Hi. My 6th mth old is also having the same problem and she’ll rub her face against our shirt. what I did to minimise the patches, itchiness and redness is that I’ll use cetaphil skin cleanser to clean her face. There’s a mild one suitable for baby. It really helped. After cleansing, I’ll apply breast milk using sterile cotton onto her face. If u dont have bm, coconut balm or aloe Vera gel works too. today is the 1st day I tried and it’s already getting better. :) and for the day I just keep her cool in aircon room. avoid the hot weather. Hope it helps.

If having excema or rashes, blisters, cracking painful skin: Please look at products and read about Methylisothiazolinone(MI) and methylchloroisothiazolinone (MCI) preservatives.

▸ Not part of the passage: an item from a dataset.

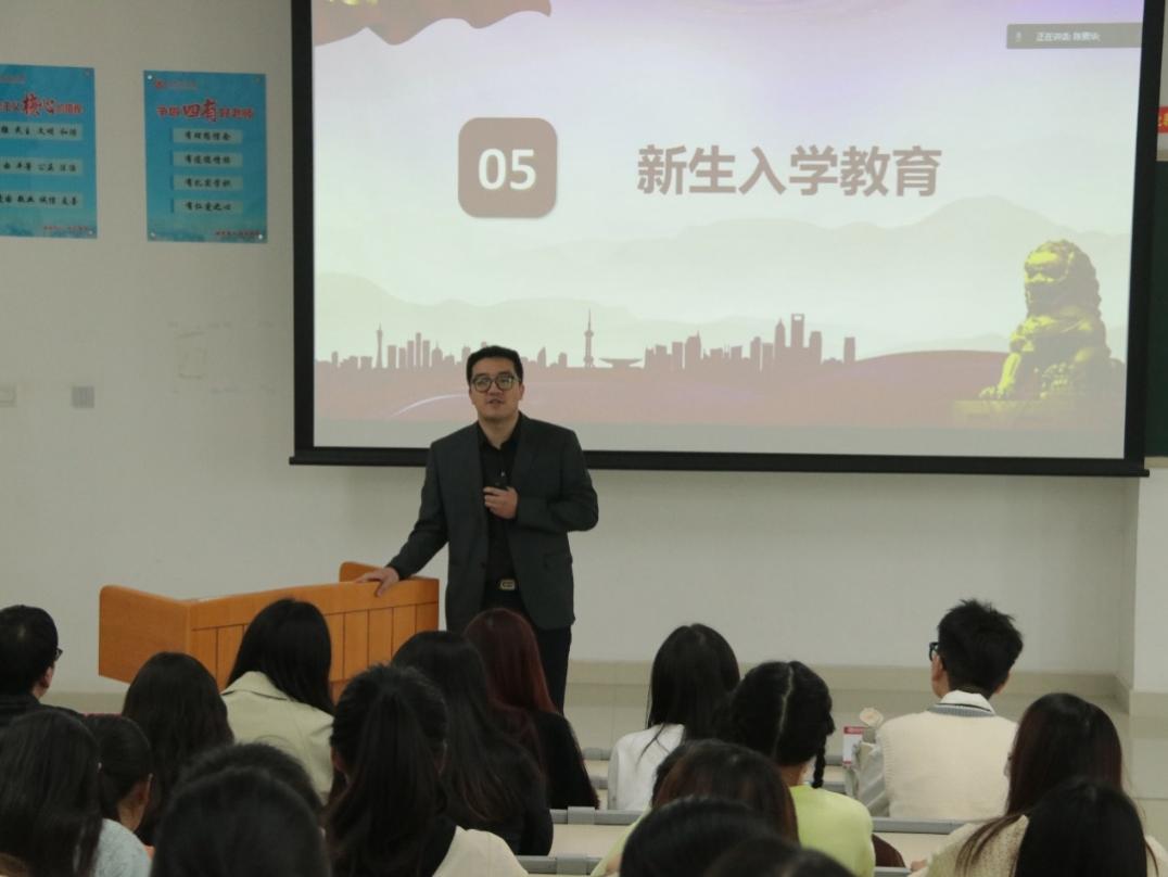 典礼尾声,研究生辅导员马文韬作新生入学教育,他向同学们提出了“严守疫情防控底线”、“注重安全健康”、“提升文明素养”和“遵守校规校纪”四个方面的要求,并希望同学们在研究生时光中不断寻找新方向,收获一段充实而有意义的研究生生活。

Currently unregulated properly.
Both are strong skin sensitizers and severe contact skin allergens . Found in most liquid body washes including Restor a derm.
Dreftlaundry soap may also contain MCI/ MI or the variation ; benzisothiazolinone (BIT) as almost all liquid laundry detergents, fabric conditioners, dish soaps, cleaning products, shampoos, hair conditioners and household latex paints contain this cytotoxic biocidal broad spectrum preservative . You can ask to be patch tested by an alergist for the MCI:MI
(Cl+ME isothiazolinone ) allergy by skin patch testing and if positive, you will then be able to try and avoid all peoducts cobtaining thos serious allergen. The initial reactions often appear muchuke excema and dermatitis and goes misdiagnosed for years . Steroids will not cure this allergy.

“Occasionally, the eczema is caused by an allergic reaction to food or foods in the baby’s diet. In general, breast milk is tremendous for controlling eczema”

It’s not allergic reaction, it’s called ‘food intolerance’ which should never be confused with allergies as there is a big difference between those two.

Food intolerance will not show on the allergy tests. Therefore, if your allergy test shows that you are not allergic to milk, you can still be intolerant to it, hence the eczema !!!

I wish my baby’s doctors knew that before I introduced milk back to his diet, maybe we could have avoid him suffering from severe eczema.